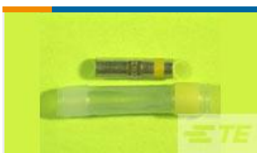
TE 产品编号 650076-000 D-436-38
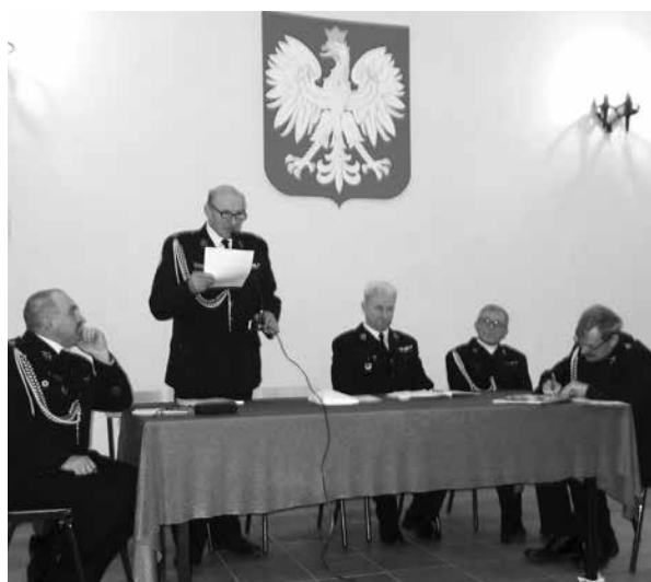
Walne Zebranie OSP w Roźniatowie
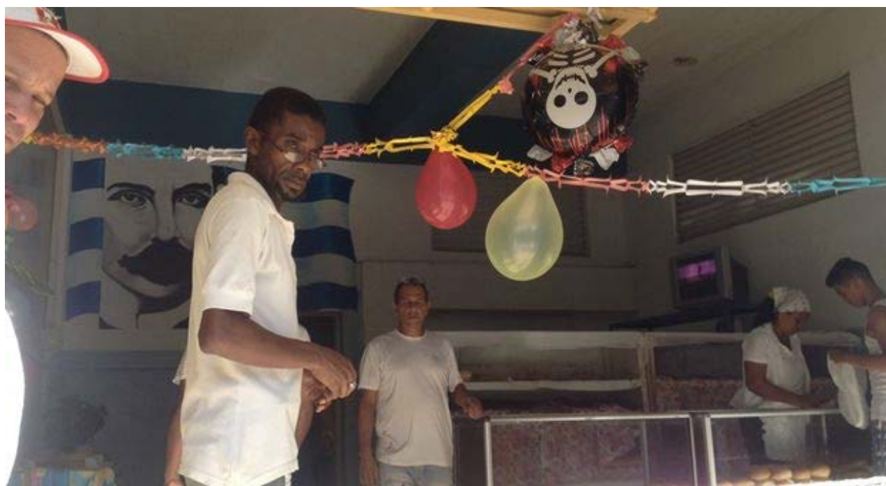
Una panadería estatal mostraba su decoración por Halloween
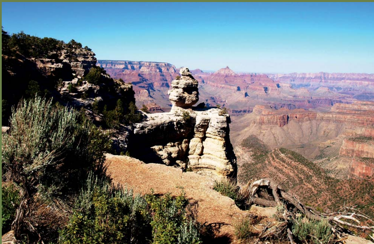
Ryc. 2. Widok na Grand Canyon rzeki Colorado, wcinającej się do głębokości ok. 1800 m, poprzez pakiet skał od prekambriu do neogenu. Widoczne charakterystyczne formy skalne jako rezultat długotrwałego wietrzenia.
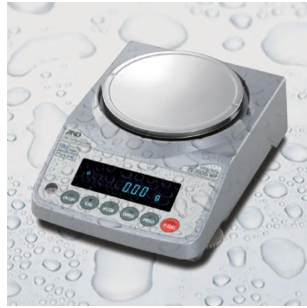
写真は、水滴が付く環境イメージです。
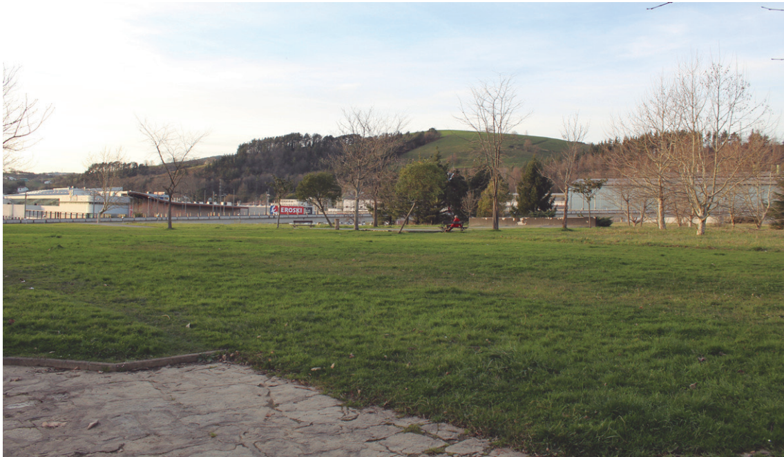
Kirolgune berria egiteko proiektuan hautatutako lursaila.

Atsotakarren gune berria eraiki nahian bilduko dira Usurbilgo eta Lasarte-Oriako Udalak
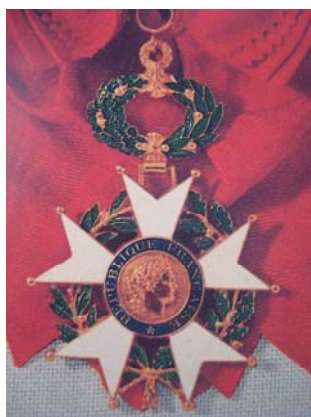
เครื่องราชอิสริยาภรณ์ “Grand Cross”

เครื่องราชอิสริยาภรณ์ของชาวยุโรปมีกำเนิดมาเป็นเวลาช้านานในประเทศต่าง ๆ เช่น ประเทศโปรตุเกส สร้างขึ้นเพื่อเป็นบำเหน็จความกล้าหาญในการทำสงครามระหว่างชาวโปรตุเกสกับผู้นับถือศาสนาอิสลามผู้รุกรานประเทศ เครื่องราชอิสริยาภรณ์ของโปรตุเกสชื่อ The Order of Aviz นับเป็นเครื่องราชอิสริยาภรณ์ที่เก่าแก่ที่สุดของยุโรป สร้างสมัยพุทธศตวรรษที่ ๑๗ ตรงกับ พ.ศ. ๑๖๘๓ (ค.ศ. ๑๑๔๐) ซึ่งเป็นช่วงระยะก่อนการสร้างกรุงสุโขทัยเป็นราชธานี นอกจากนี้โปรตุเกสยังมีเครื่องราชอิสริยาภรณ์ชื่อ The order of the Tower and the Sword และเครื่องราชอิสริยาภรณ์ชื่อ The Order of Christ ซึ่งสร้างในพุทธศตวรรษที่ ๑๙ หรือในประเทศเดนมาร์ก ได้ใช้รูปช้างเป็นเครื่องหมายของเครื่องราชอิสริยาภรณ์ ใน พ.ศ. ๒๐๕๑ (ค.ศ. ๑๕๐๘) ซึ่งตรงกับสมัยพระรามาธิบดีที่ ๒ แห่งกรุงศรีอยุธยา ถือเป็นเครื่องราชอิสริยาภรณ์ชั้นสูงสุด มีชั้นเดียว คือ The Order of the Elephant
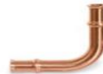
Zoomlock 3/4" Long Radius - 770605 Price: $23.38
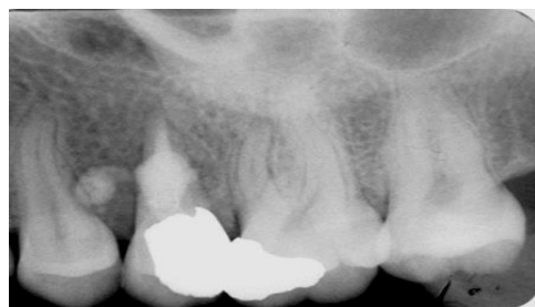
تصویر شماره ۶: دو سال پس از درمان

********

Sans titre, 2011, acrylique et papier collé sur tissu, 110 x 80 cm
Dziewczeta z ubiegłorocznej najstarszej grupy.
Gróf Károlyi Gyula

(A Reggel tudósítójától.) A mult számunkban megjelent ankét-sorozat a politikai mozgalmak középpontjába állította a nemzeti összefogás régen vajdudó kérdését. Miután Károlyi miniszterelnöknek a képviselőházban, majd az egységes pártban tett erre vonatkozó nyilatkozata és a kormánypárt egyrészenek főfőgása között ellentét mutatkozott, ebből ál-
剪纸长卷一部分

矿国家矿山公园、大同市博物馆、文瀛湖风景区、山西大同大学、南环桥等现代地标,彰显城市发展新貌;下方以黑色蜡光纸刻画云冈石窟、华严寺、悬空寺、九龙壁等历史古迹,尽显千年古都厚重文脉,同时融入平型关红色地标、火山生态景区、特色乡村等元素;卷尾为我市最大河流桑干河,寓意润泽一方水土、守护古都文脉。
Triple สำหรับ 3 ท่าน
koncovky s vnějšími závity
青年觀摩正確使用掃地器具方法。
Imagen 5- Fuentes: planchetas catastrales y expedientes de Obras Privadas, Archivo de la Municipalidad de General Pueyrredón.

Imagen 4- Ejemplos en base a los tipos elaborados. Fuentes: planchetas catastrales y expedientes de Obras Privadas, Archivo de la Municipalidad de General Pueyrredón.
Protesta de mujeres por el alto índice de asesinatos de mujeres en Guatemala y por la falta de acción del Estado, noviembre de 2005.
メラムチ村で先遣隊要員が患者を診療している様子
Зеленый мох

********

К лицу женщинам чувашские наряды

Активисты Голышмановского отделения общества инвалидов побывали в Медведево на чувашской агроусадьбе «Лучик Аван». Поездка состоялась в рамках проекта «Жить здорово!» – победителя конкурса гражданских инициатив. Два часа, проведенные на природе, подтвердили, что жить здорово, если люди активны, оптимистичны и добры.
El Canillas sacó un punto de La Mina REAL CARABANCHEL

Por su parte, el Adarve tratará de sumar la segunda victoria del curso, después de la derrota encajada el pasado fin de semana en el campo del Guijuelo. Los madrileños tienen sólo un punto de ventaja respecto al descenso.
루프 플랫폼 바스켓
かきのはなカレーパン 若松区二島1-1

********

◆ **EXERCISE PROMPT**
Only the lines from the one containing "Gróf Károlyi Gyula" through the one containing "Imagen 4- Ejemplos" are to be retyped, both boundary lines included, with no other material.

◆ **WORKED SOLUTION**
Gróf Károlyi Gyula

(A Reggel tudósítójától.) A mult számunkban megjelent ankét-sorozat a politikai mozgalmak középpontjába állította a nemzeti összefogás régen vajdudó kérdését. Miután Károlyi miniszterelnöknek a képviselőházban, majd az egységes pártban tett erre vonatkozó nyilatkozata és a kormánypárt egyrészenek főfőgása között ellentét mutatkozott, ebből ál-
剪纸长卷一部分

矿国家矿山公园、大同市博物馆、文瀛湖风景区、山西大同大学、南环桥等现代地标,彰显城市发展新貌;下方以黑色蜡光纸刻画云冈石窟、华严寺、悬空寺、九龙壁等历史古迹,尽显千年古都厚重文脉,同时融入平型关红色地标、火山生态景区、特色乡村等元素;卷尾为我市最大河流桑干河,寓意润泽一方水土、守护古都文脉。
Triple สำหรับ 3 ท่าน
koncovky s vnějšími závity
青年觀摩正確使用掃地器具方法。
Imagen 5- Fuentes: planchetas catastrales y expedientes de Obras Privadas, Archivo de la Municipalidad de General Pueyrredón.

Imagen 4- Ejemplos en base a los tipos elaborados. Fuentes: planchetas catastrales y expedientes de Obras Privadas, Archivo de la Municipalidad de General Pueyrredón.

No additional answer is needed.